The difference is we’ve spent years mastering those distinctions that you get in the Landmark forum or the rest of the … for living. Those distinctions are designed to produce the kind of human being who can be with anyone at any time under any circumstance and have power, freedom, self-expression, and peace of mind. That’s not too bad.

Pete Mockaitis
Yeah, I remember a couple of them, and then hopefully others have just sort of taken root and even if I can’t consciously summon them. But we did this one exercise – there was some – it was intense. There were – I remember we did this one exercise.

Pete Mockaitis
All we did was we stood very close, maybe like a foot away from another person and just staring at them in the face and looking at their eyes. It was. It was powerful. It’s like there’s nothing to be afraid of or intimidated about. We’re just two human beings in space nearby each other right now. But no one does that, so it was really noteworthy in terms of the effect it had.

Josselyne Herman
Yeah, that’s The Be With exercise.

Josselyne Herman
Yeah, that’s in the advanced course, which is I think one of the most profound opportunities to actually discover what it’s like to just be with people without all the stories or the fear or the … we add to being with people.

It’s really – it’s something that you can practice with all people because we don’t do it as you said. Go home with the person that you live with and just actually just be with them without having to fill the space with talking.

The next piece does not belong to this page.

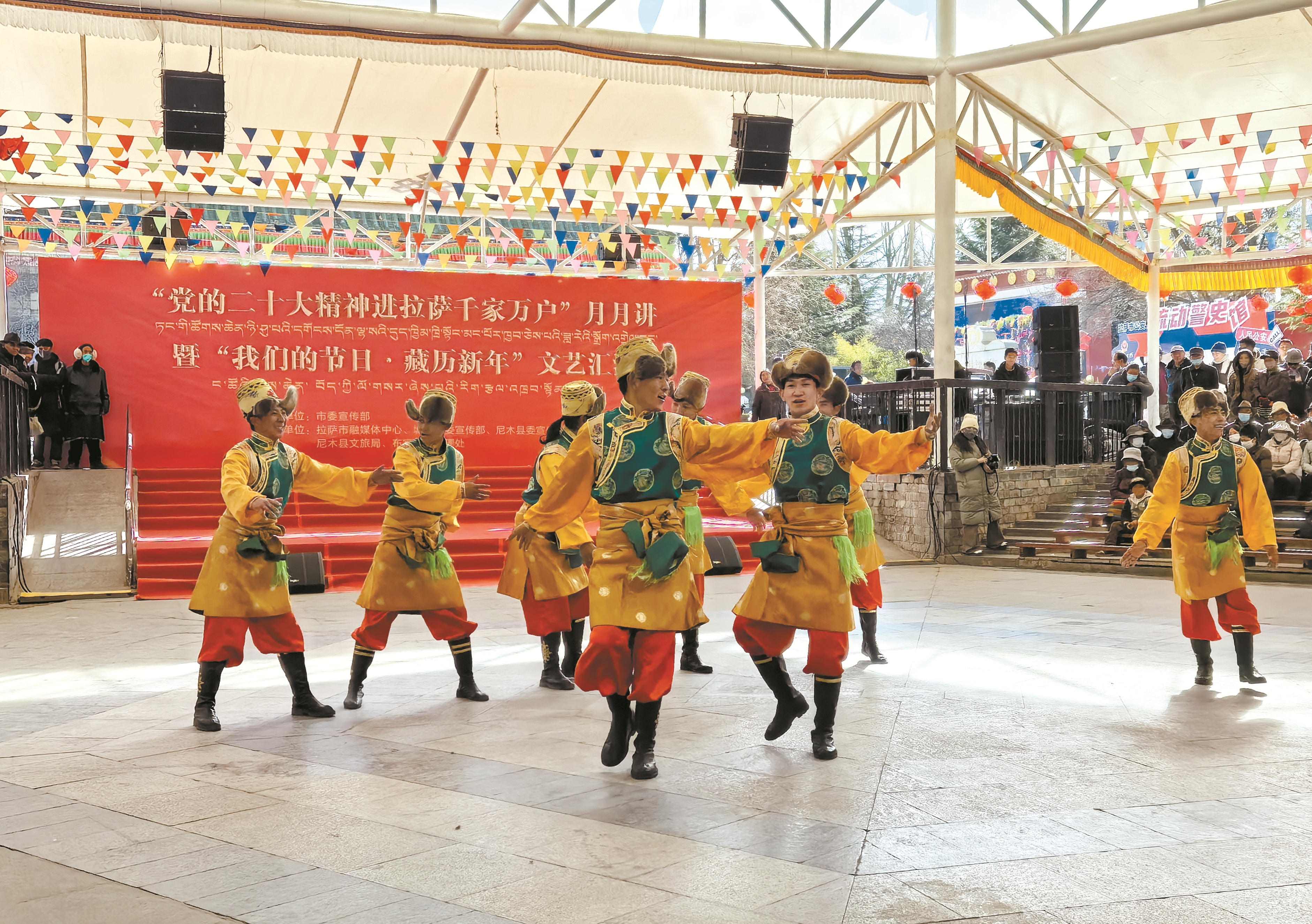 宣讲结束后,精彩纷呈的文艺演出正式拉开帷幕。从热情洋溢的开场舞蹈《扎西德勒》,到充满民族风情的节目《尼木果谐》,独唱、群舞、二重唱等依次登场。演员们用精湛的技艺和饱满的热情,赢得了现场观众的阵阵掌声和欢呼声。大家在欣赏精彩节目的同时,也深切感受到了藏历新年浓浓的节日氛围。

That might not work on the radio or in a podcast, but as you go to actually be with people, it’s quite remarkable because you can see yourself in all people and distance between you and people and all that fear and all that story and all that kind of whatever stops us from being with people fully gets disappeared in that exercise and people get a real experience of being someone beyond their individual thingness.

Pete Mockaitis
Very cool. You’ve got a few areas of expertise. I’d like to dig into a few. Can you tell us how can we be superman or superwoman without experiencing a whole lot of stress all the time?

Josselyne Herman
Well, it really is the context … decisive because – I don’t know if you’ve ever heard that term before, but some people have, some people haven’t. But if I hold my finger up and I say, okay, the context is body part. What’s right there is what?

Pete Mockaitis
A finger.

Josselyne Herman
Exactly. If I say now the context is number, what’s right there?

Pete Mockaitis
One.

Josselyne Herman
Is a one. If I say the context is now direction, it might be up. It’s not that the content of your life is giving you stress, it’s the context in which you’re viewing it or holding it or experiencing it.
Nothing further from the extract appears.